Dans l’Ancien Testament, on trouve, de ci et de là, entremêlées à beaucoup de malédictions, quelques bonnes paroles pour la richesse : La richesse s’acquiert par le travail ; elle est accordée à celui qui craint Dieu ; Dieu donne le pouvoir de l’acquérir ; la bénédiction de Dieu l’amène. Dans les Évangiles, au contraire, silence absolu sur tout cela ; sans doute, comme le disait un mauvais plaisant, parce que les Israélites avaient démontré que tout encouragement à cet égard était superflu.

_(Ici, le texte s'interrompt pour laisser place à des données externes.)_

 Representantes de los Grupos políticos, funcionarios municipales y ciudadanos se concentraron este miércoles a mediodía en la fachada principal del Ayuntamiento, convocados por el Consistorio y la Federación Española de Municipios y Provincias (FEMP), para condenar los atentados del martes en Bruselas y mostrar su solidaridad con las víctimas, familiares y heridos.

Les anciens, dit Marmontel, pour proscrire les richesses, honoraient la pauvreté. Ils avaient, il est vrai, élevé des temples à la Fortune, mais il ne faut pas confondre l’adoration actuelle du veau d’or, qu’aucun Moïse ne parviendrait à extirper, brisât-il, sur les têtes même des idolâtres, les tables de la loi, avec le culte que les anciens rendaient à la déesse aux pieds ailés, car celle-ci représentait le succès sous toutes ses formes, même ses formes les plus nobles, et non pas simplement l’or qui peut acheter les consciences, mais est impuissant à donner l’amour ou la gloire. Ils sentaient toutefois que ce culte de la Fortune manquait de beauté, puisque l’idole était représentée chauve et aveugle, c’est-à-dire dépourvue de tout ce qui donne du charme à une figure de femme. Si les autels modernes étaient représentatifs, on verrait celui de la richesse paré des plus brillants attributs. La déesse triomphante foulerait aux pieds les vertus qui empêchent d’acquérir l’or, ou ne servent pas à le gagner.

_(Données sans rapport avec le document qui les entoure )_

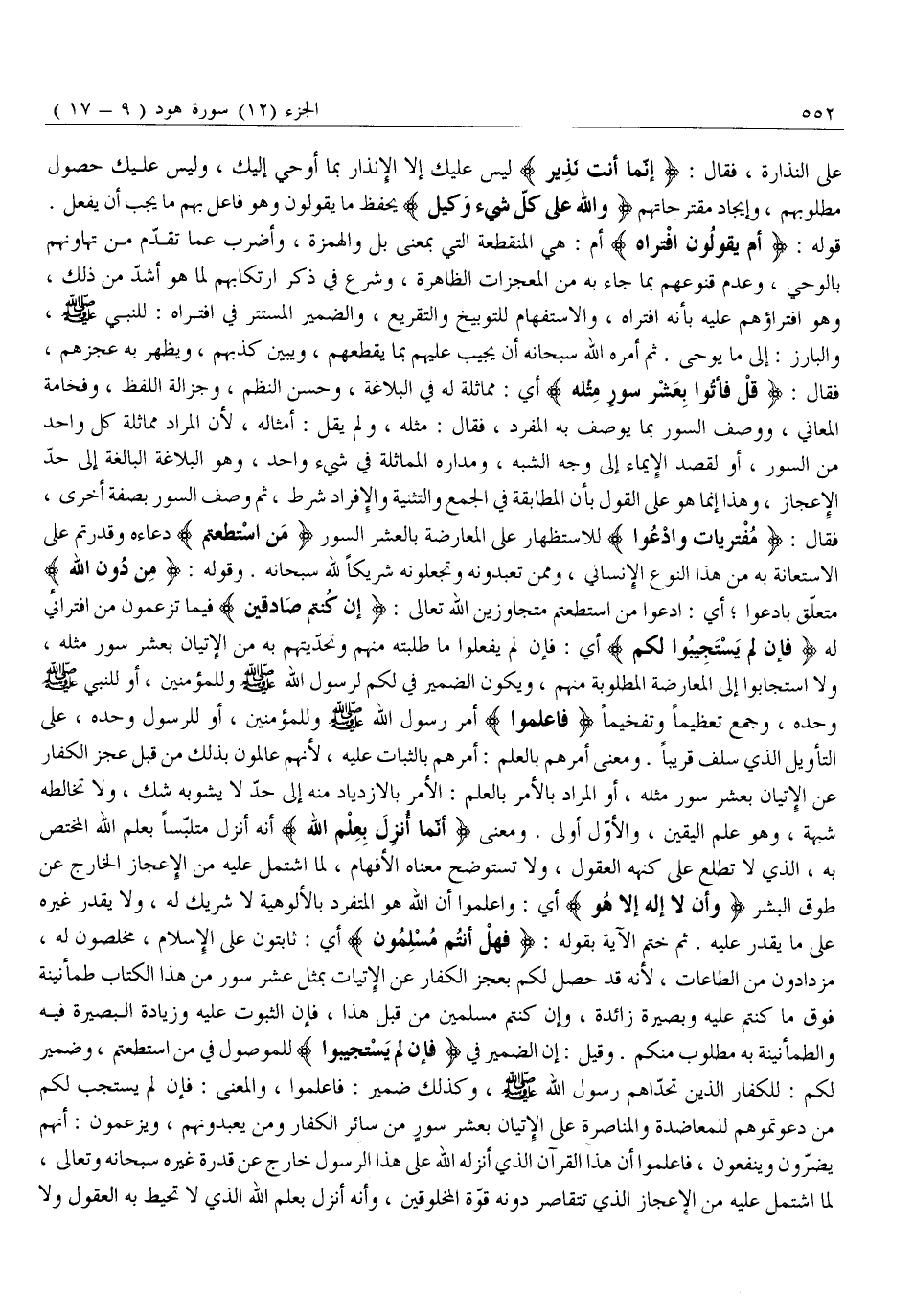 قَوْلُهُ: أَمْ يَقُولُونَ افْتَراهُ أَمْ: هِيَ الْمُنْقَطِعَةُ الَّتِي بِمَعْنَى بَلْ وَالْهَمْزَةُ، وَأَضْرَبَ عَمَّا تَقَدَّمَ مِنْ تَهَاوُنِهِمْ بِالْوَحْيِ، وَعَدَمِ قُنُوعِهِمْ بِمَا جَاءَ بِهِ مِنَ الْمُعْجِزَاتِ الظَّاهِرَةِ، وَشَرَعَ فِي ذِكْرِ ارْتِكَابِهِمْ لِمَا هُوَ أَشَدُّ مِنْ ذَلِكَ، وَهُوَ افْتِرَاؤُهُمْ عَلَيْهِ بِأَنَّهُ افْتَرَاهُ، وَالِاسْتِفْهَامُ لِلتَّوْبِيخِ وَالتَّقْرِيعِ، وَالضَّمِيرُ الْمُسْتَتِرُ فِي افْتَرَاهُ: لِلنَّبِيِّ صلّى الله عليه وَسَلَّمَ، وَالْبَارِزُ: إِلَى مَا يُوحَى. ثُمَّ أَمَرَهُ اللَّهُ سُبْحَانَهُ أَنْ يُجِيبَ عَلَيْهِمْ بِمَا يُقْطِعَهُمْ، وَيُبَيِّنُ كَذِبَهُمْ، وَيُظْهِرُ بِهِ عَجْزَهُمْ، فَقَالَ: قُلْ فَأْتُوا بِعَشْرِ سُوَرٍ مِثْلِهِ أَيْ: مُمَاثَلَةٍ لَهُ فِي الْبَلَاغَةِ، وَحُسْنِ النَّظْمِ، وَجَزَالَةِ اللَّفْظِ، وَفَخَامَةِ الْمَعَانِي، وَوَصْفِ السُّوَرِ بِمَا يُوصَفُ بِهِ الْمُفْرَدُ، فقال: مثله، وَلَمْ يَقُلْ: أَمْثَالَهُ، لِأَنَّ الْمُرَادَ مُمَاثَلَةُ كُلِّ وَاحِدٍ مِنَ السُّوَرِ، أَوْ لِقَصْدِ الْإِيمَاءِ إِلَى وَجْهِ الشَّبَهِ، وَمَدَارُهُ الْمُمَاثَلَةُ فِي شَيْءٍ وَاحِدٍ، وَهُوَ الْبَلَاغَةُ الْبَالِغَةُ إِلَى حَدِّ الْإِعْجَازِ، وَهَذَا إِنَّمَا هُوَ عَلَى الْقَوْلِ بِأَنَّ الْمُطَابَقَةَ فِي الْجَمْعِ وَالتَّثْنِيَةِ وَالْإِفْرَادِ شَرْطٌ، ثُمَّ وَصَفَ السُّوَرَ بِصِفَةٍ أُخْرَى، فَقَالَ: مُفْتَرَياتٍ وَادْعُوا لِلِاسْتِظْهَارِ عَلَى الْمُعَارَضَةِ بِالْعَشْرِ السُّوَرِ مَنِ اسْتَطَعْتُمْ دُعَاءَهُ وَقَدَرْتُمْ عَلَى الِاسْتِعَانَةِ بِهِ مِنْ هَذَا النَّوْعِ الْإِنْسَانِيِّ، وَمِمَّنْ تَعْبُدُونَهُ وَتَجْعَلُونَهُ شَرِيكًا لِلَّهِ سُبْحَانَهُ. وَقَوْلُهُ: مِنْ دُونِ اللَّهِ مُتَعَلِّقٌ بِادْعُوا أَيِ: ادْعُوَا مَنِ اسْتَطَعْتُمْ مُتَجَاوِزِينَ اللَّهَ تَعَالَى: إِنْ كُنْتُمْ صادِقِينَ فيما تزعمون من افترائي له فَإِلَّمْ يَسْتَجِيبُوا لَكُمْ أَيْ: فَإِنْ لَمْ يَفْعَلُوا مَا طَلَبْتَهُ مِنْهُمْ وَتَحَدَّيْتَهُمْ بِهِ مِنَ الْإِتْيَانِ بِعَشْرِ سُوَرٍ مِثْلِهِ، وَلَا اسْتَجَابُوا إِلَى الْمُعَارَضَةِ الْمَطْلُوبَةِ مِنْهُمْ، وَيَكُونُ الضَّمِيرُ فِي لَكُمْ لِرَسُولِ اللَّهِ صَلَّى اللَّهُ عَلَيْهِ وَسَلَّمَ وَلِلْمُؤْمِنِينَ، أَوْ لِلنَّبِيِّ صَلَّى اللَّهُ عَلَيْهِ وَسَلَّمَ وَحْدَهُ، وَجَمَعَ تَعْظِيمًا وَتَفْخِيمًا فَاعْلَمُوا أَمَرَ رَسُولَ اللَّهِ صَلَّى اللَّهُ عَلَيْهِ وَسَلَّمَ وَلِلْمُؤْمِنِينَ، أَوْ لِلرَّسُولِ وَحْدَهُ، عَلَى التَّأْوِيلِ الَّذِي سَلَفَ قَرِيبًا. وَمَعْنَى أَمْرِهِمْ بِالْعِلْمِ: أَمْرُهُمْ بِالثَّبَاتِ عَلَيْهِ، لِأَنَّهُمْ عَالِمُونَ بِذَلِكَ مِنْ قَبْلِ عَجْزِ الْكُفَّارِ عَنِ الْإِتْيَانِ بِعَشْرِ سُوَرٍ مِثْلِهِ، أَوِ الْمُرَادُ بِالْأَمْرِ بِالْعِلْمِ: الْأَمْرُ بِالِازْدِيَادِ مِنْهُ إِلَى حَدٍّ لَا يَشُوبُهُ شَكٌّ، وَلَا تُخَالِطُهُ شُبْهَةٌ، وَهُوَ عِلْمُ الْيَقِينِ، وَالْأَوَّلُ أَوْلَى. وَمَعْنَى أَنَّما أُنْزِلَ بِعِلْمِ اللَّهِ أَنَّهُ أُنْزِلَ مُتَلَبِّسًا بِعِلْمِ اللَّهِ الْمُخْتَصِّ بِهِ، الَّذِي لَا تَطَّلِعُ عَلَى كُنْهِهِ الْعُقُولُ، وَلَا تَسْتَوْضِحُ مَعْنَاهُ الْأَفْهَامُ، لِمَا اشْتَمَلَ عَلَيْهِ مِنَ الْإِعْجَازِ الْخَارِجِ عَنْ طَوْقِ الْبَشَرِ وَأَنْ لَا إِلهَ إِلَّا هُوَ أَيْ: وَاعْلَمُوا أَنَّ اللَّهَ هُوَ الْمُتَفَرِّدُ بِالْأُلُوهِيَّةِ لَا شَرِيكَ لَهُ، وَلَا يَقْدِرُ غَيْرُهُ عَلَى مَا يَقْدِرُ عَلَيْهِ. ثُمَّ خَتَمَ الْآيَةَ بِقَوْلِهِ: فَهَلْ أَنْتُمْ مُسْلِمُونَ أَيْ: ثَابِتُونَ عَلَى الْإِسْلَامِ، مخلص

Toutes les réalités représentant des forces, il est naturel que les possesseurs de la fortune lui soient attachés ; l’on comprend aussi que ceux qui ont l’espoir fondé de la conquérir, qui la voient se dresser prometteuse à leur portée, fassent un bond désespéré pour l’atteindre, mais l’attitude de la généralité des hommes, ceux que la fortune n’a jamais frôlés, même de loin, demeure inexplicable. L’adoration de Plutus ne leur rapporte rien, ils savent qu’ils resteront toujours dans la médiocrité, car leur carrière et leur tempérament les éloignent de la fortune, et pourtant ils s’aplatissent devant elle. Mazzini disait que la Jeune Italie était l’étoile polaire de ses pensées ; l’étoile polaire de la plupart des hommes est, non pas même l’or qui reluit et peut hypnotiser physiquement, mais des monceaux de billets de banque, souvent crasseux et d’origine douteuse.
Être riche ! Devenir riche ! Voilà le rêve, l’idéal ! Les pensées se concentrent autour de cette roue qui tourne. Le talent, le génie même ne valent que pour ce qu’ils rapportent. Dites qu’un compositeur, un auteur a gagné quelques centaines de mille francs avec un opéra, un livre, une pièce de théâtre, l’admiration pour son talent croît d’autant. Dites le contraire, et les applaudissements diminuent proportionnellement. Je parle pour la généralité des hommes ; ceux qui ont dans l’âme une source d’idées et de forces spirituelles échappent à la contagion, mais ils se comptent ! La jeunesse elle-même, jadis dédaigneuse de l’argent, en est devenue l’esclave. Il représente la cime de ses désirs et de ses aspirations et, ô lamentable déchéance, il a remplacé l’amour et la gloire !
Je ne veux rien exagérer, la vie est devenue de plus en plus coûteuse, les besoins se sont élargis, et il est naturel que chacun essaye d’améliorer sa position pécuniaire et d’assurer le sort des siens : jusqu’ici, rien que de très légitime. Sans parler de la misère affreuse et déprimante, manquer de l’argent nécessaire, pour assurer le bien-être de sa famille et l’éducation de ses enfants, est une pénible épreuve, et l’ardent désir d’en être délivré est explicable. Mais ce désir ne représente pas l’adoration vive de l’or pour l’or ; ce n’est pas l’or remplaçant, dans le cœur humain, tout autre culte.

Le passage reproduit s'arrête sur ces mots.